Repeat the whole listing below precisely. Omit all pictures.

[Supplied data]
-*-*-

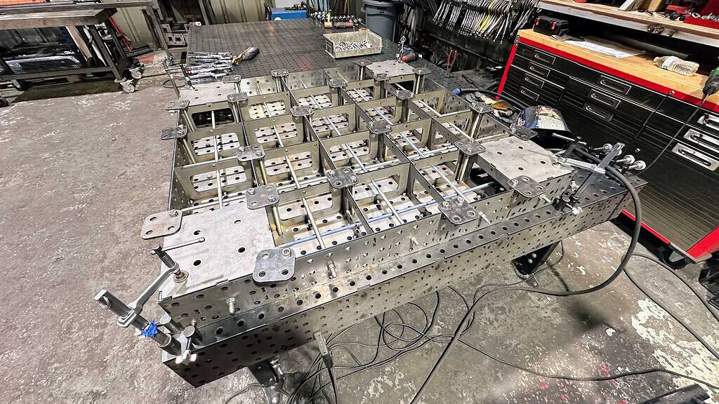 Only after securing the top to a reference surface do we add the ribs and sidewalls and secure them by bolting everything firmly in place before locking it in with hundreds of weld points.
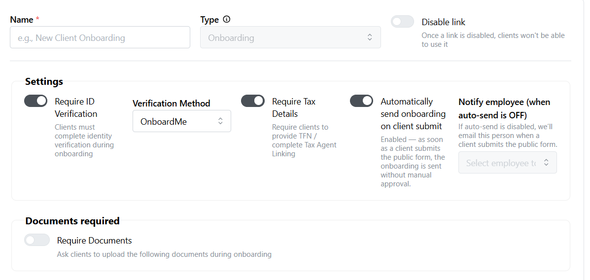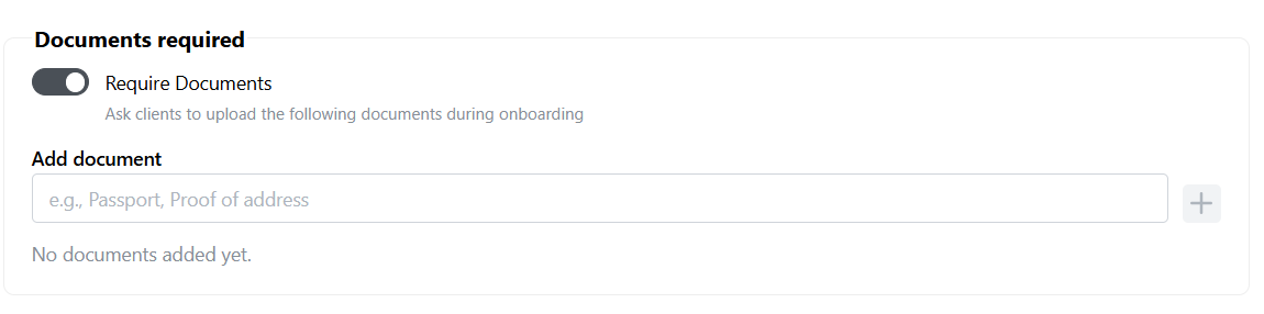 You can require the onboarding to request documents from your client during the onboarding process. Select the Require Documents switch and add the documents that you want them to upload.
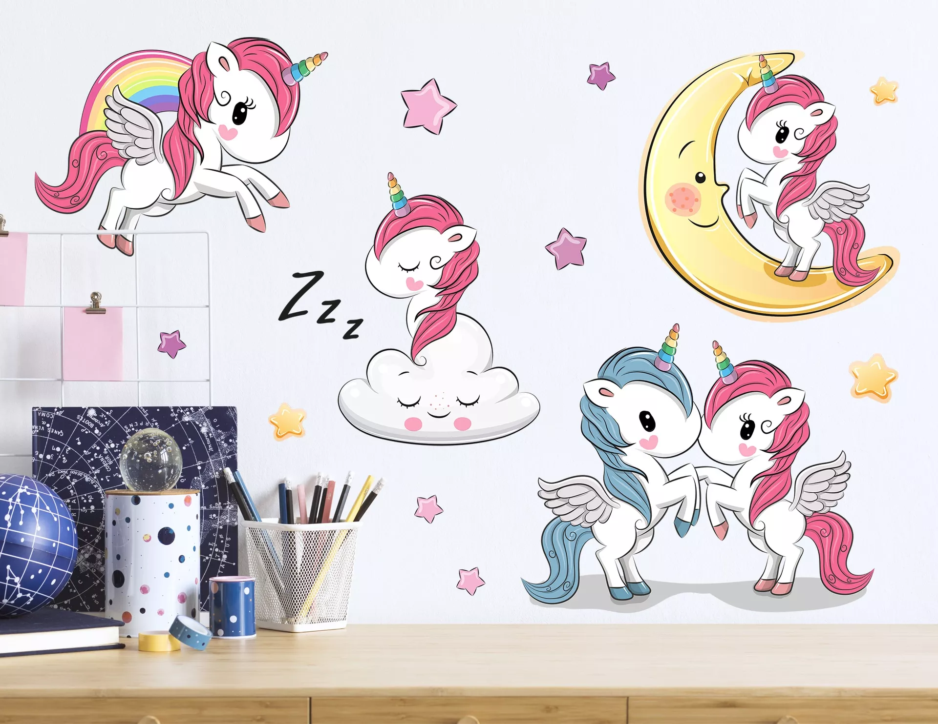 ... und dann von pinken Zuckerwatte-Wolken träumend eindösen. Einhörner haben es wirklich gut. Kein Wunder, dass wir Menschen sie gerne um uns herum haben und uns von ihnen an die schönen, simplen Dinge des Lebens erinnern lassen. Das Aufkleber-Set „Magical Unicorn Friends“ ist perfekt für diese Zwecke und überzeugt mit fünf niedlichen Einhörnern und vielen bunten Sternen zum freien Dekorieren.

-*-*-

[Output below]
 Only after securing the top to a reference surface do we add the ribs and sidewalls and secure them by bolting everything firmly in place before locking it in with hundreds of weld points.
 You can require the onboarding to request documents from your client during the onboarding process. Select the Require Documents switch and add the documents that you want them to upload.
 ... und dann von pinken Zuckerwatte-Wolken träumend eindösen. Einhörner haben es wirklich gut. Kein Wunder, dass wir Menschen sie gerne um uns herum haben und uns von ihnen an die schönen, simplen Dinge des Lebens erinnern lassen. Das Aufkleber-Set „Magical Unicorn Friends“ ist perfekt für diese Zwecke und überzeugt mit fünf niedlichen Einhörnern und vielen bunten Sternen zum freien Dekorieren.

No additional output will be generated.